Pada akhirnya, labirin Benjamin mengusulkan penelusuran kemungkinan rute melalui masa lalu. Ini adalah arena spasial yang didedikasikan untuk "seni tersesat" di tengah ingatan yang berputar dan tumpang tindih. Desakan pada labirin sebagai metafora untuk ingatan sangat penting bagi pengalaman penonton di museum. Seperti yang dikemukakan Henri Bergson pada tahun 1896, "Tidak ada persepsi yang tidak penuh dengan ingatan." Â Memori, ia mengusulkan, "menciptakan baru," atau menggandakan persepsi dalam operasi yang mungkin berulang tanpa henti. Â Mempertimbangkan museum dalam kerangka labirin adalah untuk mengantisipasi peran memori dalam pengalaman spektatorial. Ini tidak hanya menantang kemurnian dan isolasi museum yang seharusnya, tetapi juga etos kemajuannya yang berkelanjutan. Memori mengganggu aliran maju dan waktu linier. Meskipun tampaknya polivalen dalam penerapannya, labirin sebagai metafora sangat tidak kronologis dalam pengoperasiannya. Busur penghubung antara banyak pintu masuknya adalah relai antara masa lalu dan masa kini, antara ingatan dan persepsi, dan antara berbagai ruang dan tempat.

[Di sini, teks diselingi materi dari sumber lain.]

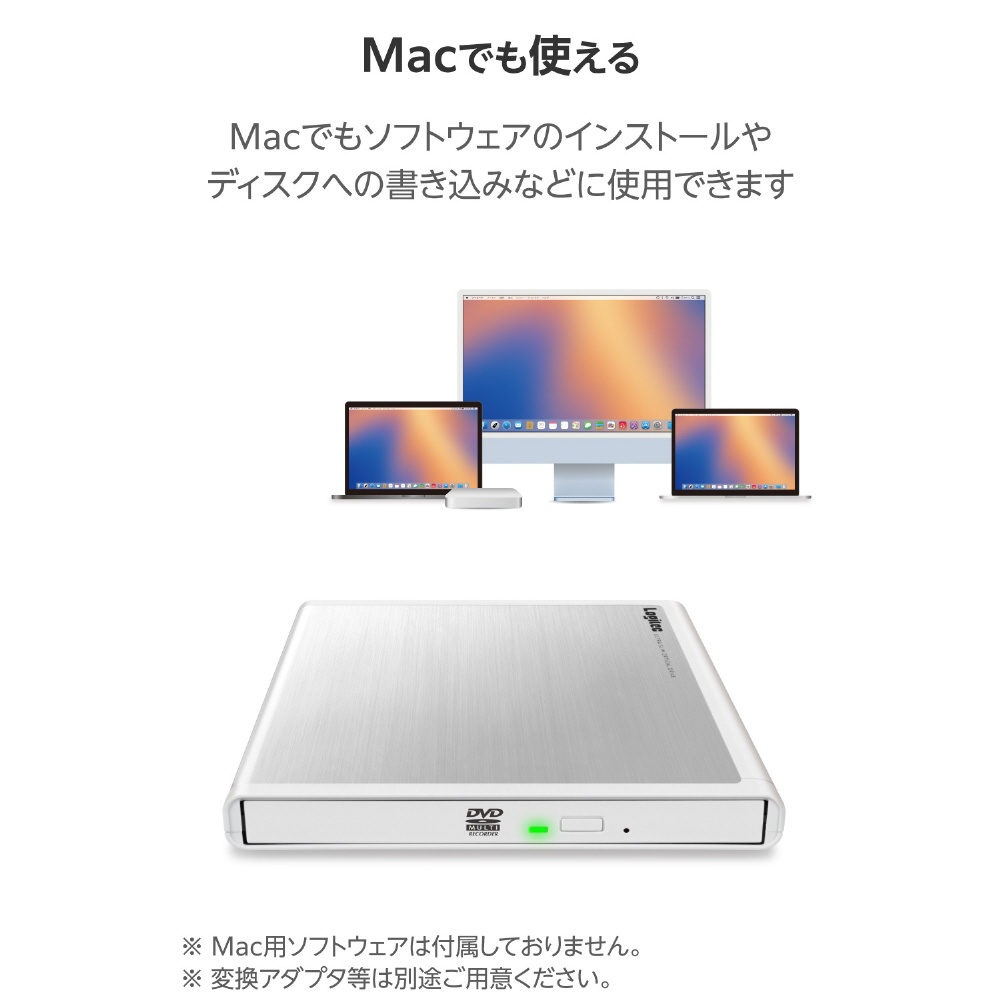 ポータブルDVDドライブ 再生/編集/書込ソフト:Windows用(Chrome/Mac/Windows11対応) ホワイト LDR-PMM8U2VWH [USB-A]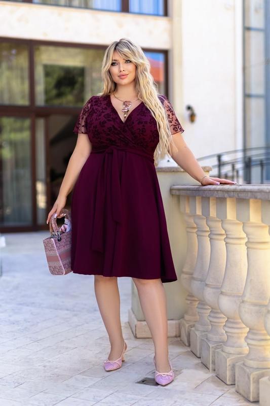 Сукня №6699. Ціна 1250 грн. Розмір: 50-52, 54-56, 58-60. Колір: електрик, зелений, бордо, синій . Тканина про-во Туреччини: креп дайвінг, сітка флок . Сукня прикрасить будь-яку фігуру і зробить Ваш образ чарівним та романтичним! Ідеально підійде для урочистостей, так і для повсякденного носіння, і обов'язково стане вишуканою прикрасою Вашого гардеробу. Перед сукні з імітацією запаху. До сукні додається знімний пояс із основної тканини. У такій сукні будь-яка жінка зможе відчути себе справжньої леді та королевою вечора, ця сукня здатна надати жінці ніжності, легкості та елегантності. Виміри: РОЗМІР 50-52: Сукня: дв. 105 см, рукав 28 см ОГ-105 см, ОТ-112. РОЗМІР 54-56: Сукня : дв. вир. 106 см, рукав 29 см. ОГ-118 см. ОТ-120 РОЗМІР 58-60: Сукня : дв. вир. 107 см, рукав 30 см. ОГ-124 см. ОТ-126 см.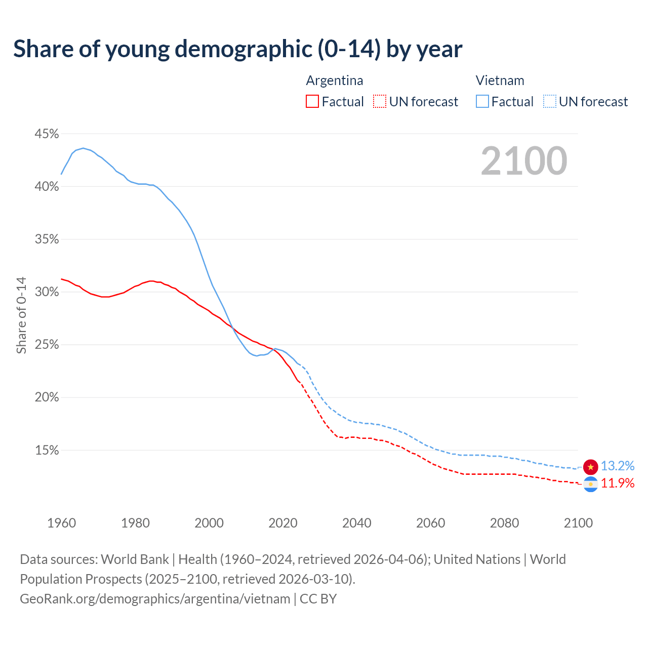 - As of 2026, the population of Argentina is 46M vs 102M in Vietnam - 2.22 times difference.

Karena memaksa perjumpaan dengan peristiwa yang tampaknya jauh yang jika tidak akan tetap terputus, labirin sebagai metafora menjadi labirin sebagai metode.
Labirin sebagai Metode; sebagai hasil dari banyak gagasan dan kemungkinan hubungan yang tak ada habisnya di antara mereka, labirin metafora cocok untuk praktik metodologis tertentu. Metafora dan metode bukan hanya dua sisi mata uang labirin. Sebaliknya, operasi mereka bersimbiosis, simultan, dan tak terpisahkan. Dalam Fashion at the Edge: Spectacle, Modernity and Deathliness , Caroline Evans dengan fasih mengadopsi labirin Benjamin sebagai metafora sejarah untuk membenarkan penjajarannya antara citra historis dan kontemporer. Labirin adalah tempat pertemuan tak terduga. Seperti yang ditulis Evans, "Momen-momen yang jauh dalam waktu dapat menjadi terdekat pada momen-momen tertentu karena jalur mereka berdekatan satu sama lain."